WORK ITEM
Please reproduce all the data exactly as written and omit the pictures.

DATA SEGMENT

* * *

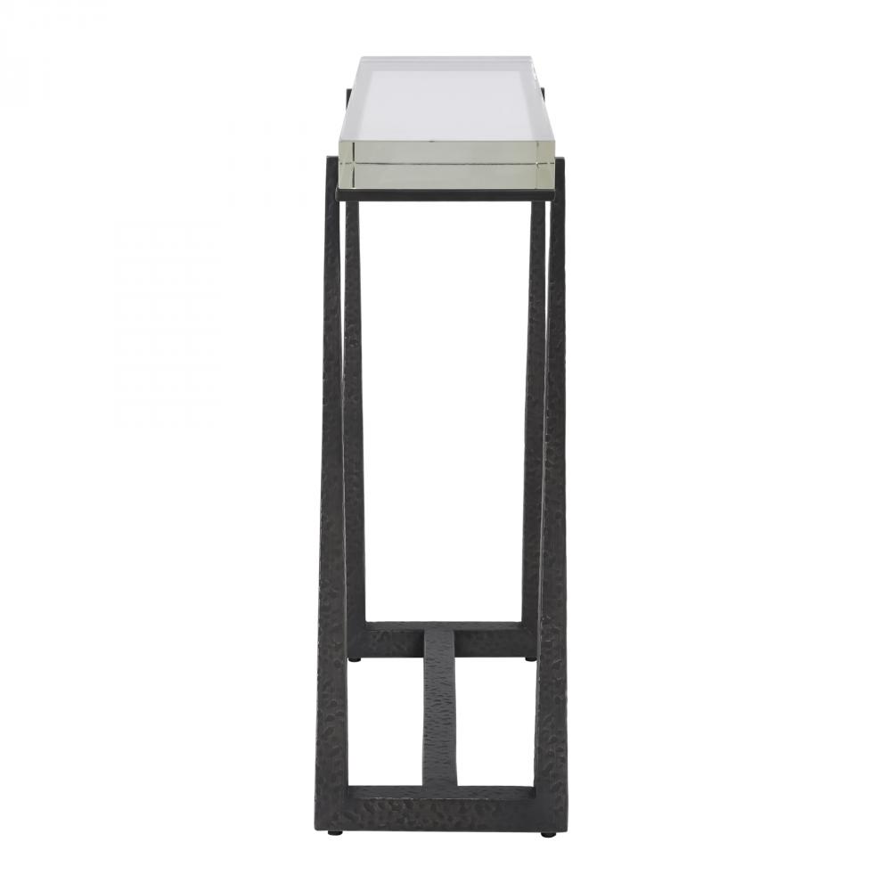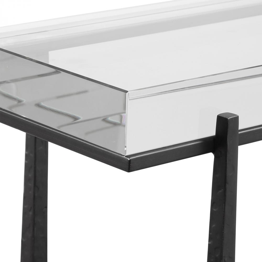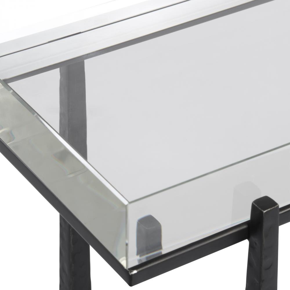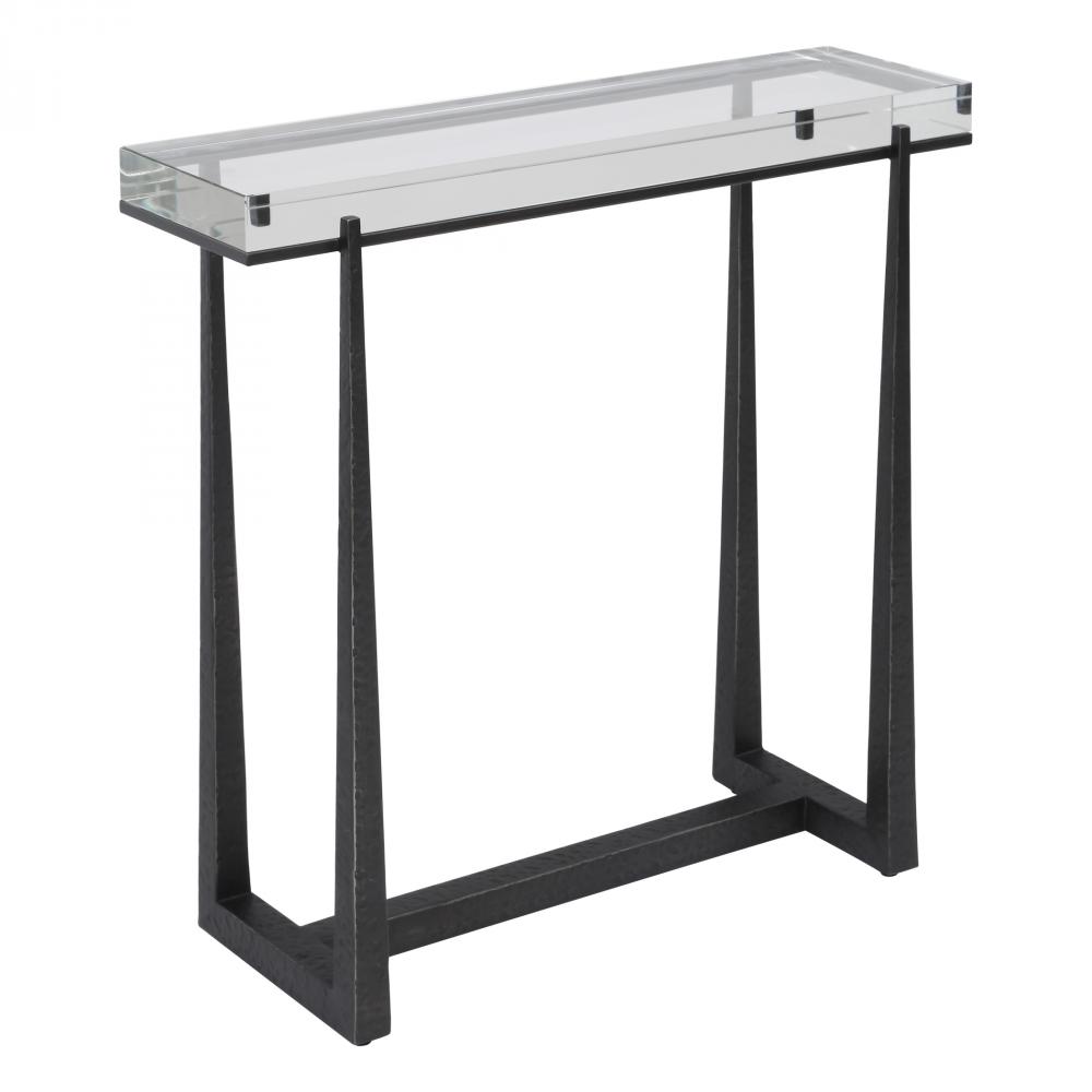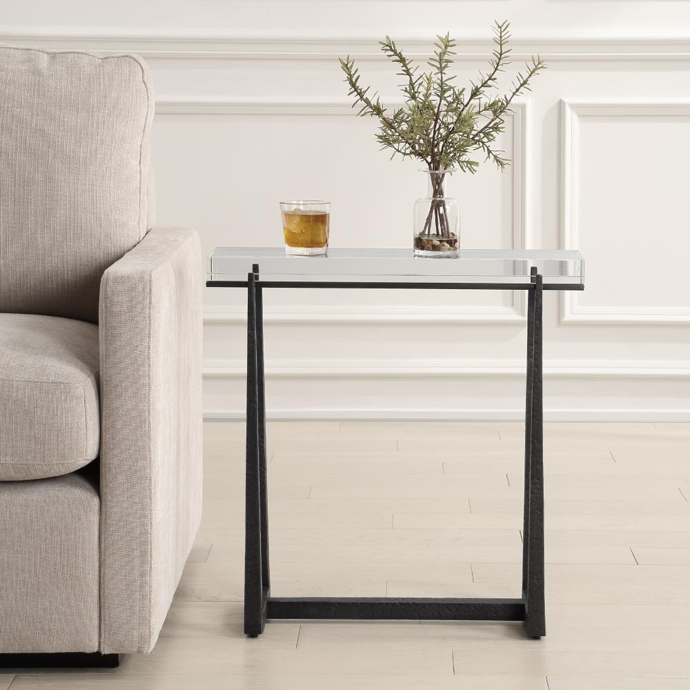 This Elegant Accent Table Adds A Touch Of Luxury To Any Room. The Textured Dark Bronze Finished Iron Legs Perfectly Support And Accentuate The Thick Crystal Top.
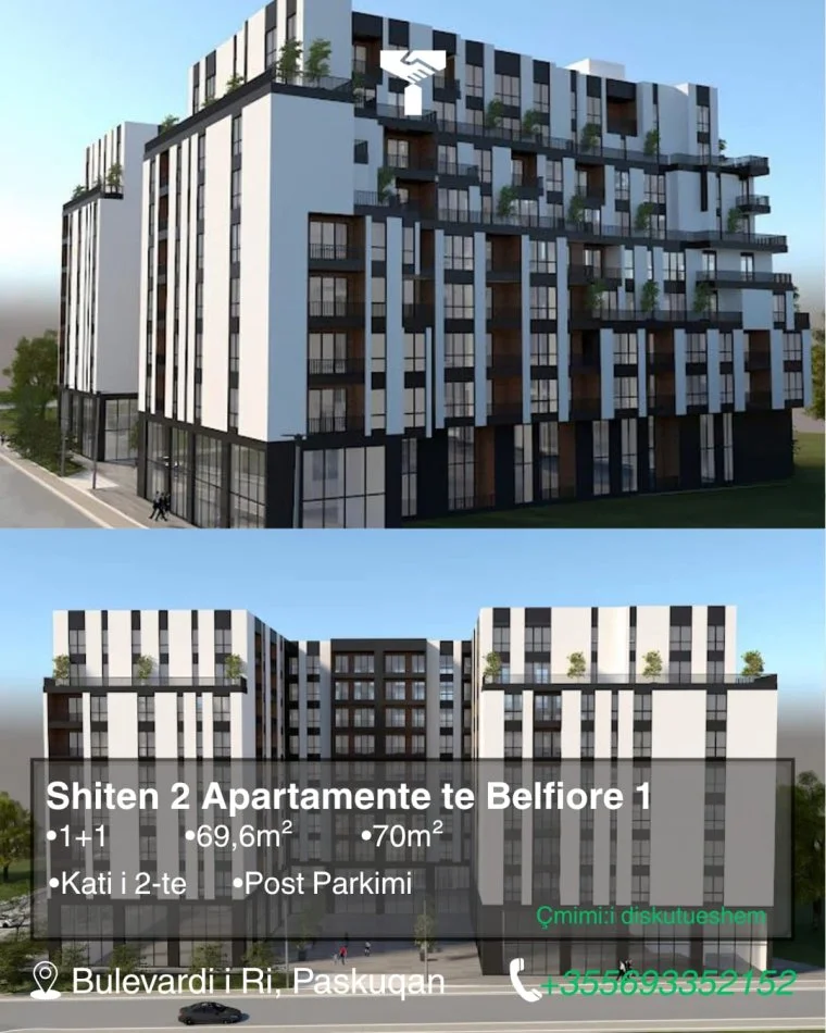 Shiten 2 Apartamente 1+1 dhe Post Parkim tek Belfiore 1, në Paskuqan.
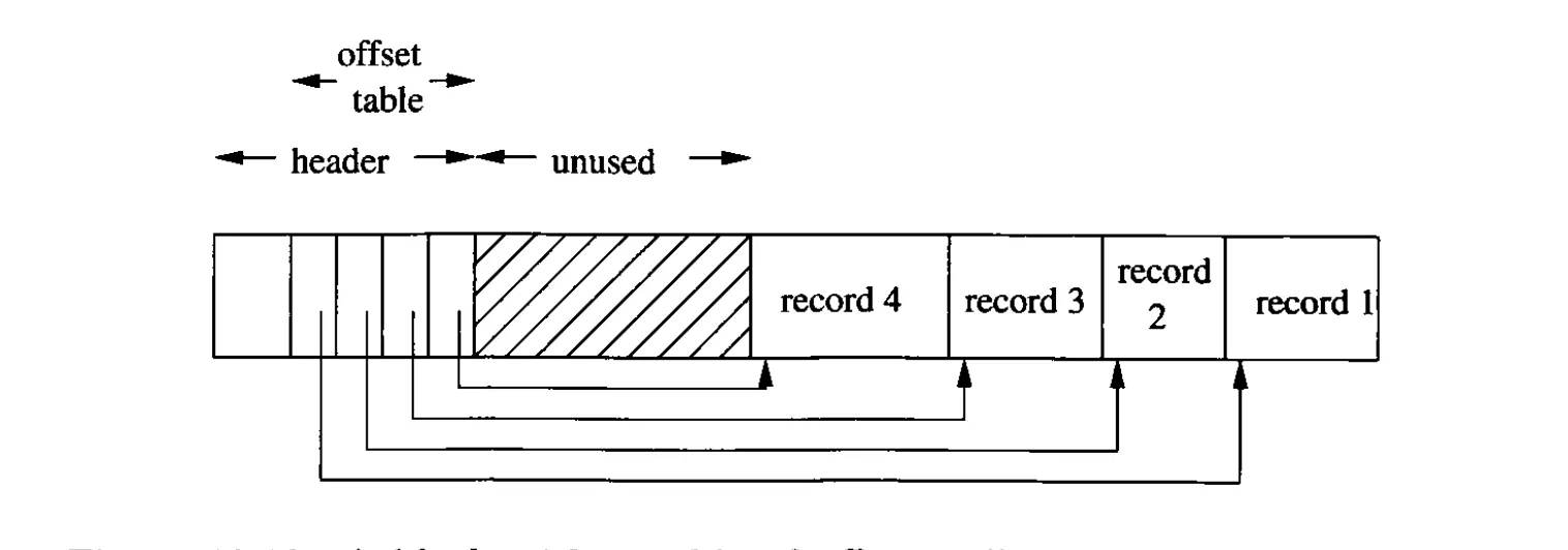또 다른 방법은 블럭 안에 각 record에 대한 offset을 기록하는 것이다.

* * *

TASK OUTPUT
 This Elegant Accent Table Adds A Touch Of Luxury To Any Room. The Textured Dark Bronze Finished Iron Legs Perfectly Support And Accentuate The Thick Crystal Top.
 Shiten 2 Apartamente 1+1 dhe Post Parkim tek Belfiore 1, në Paskuqan.
또 다른 방법은 블럭 안에 각 record에 대한 offset을 기록하는 것이다.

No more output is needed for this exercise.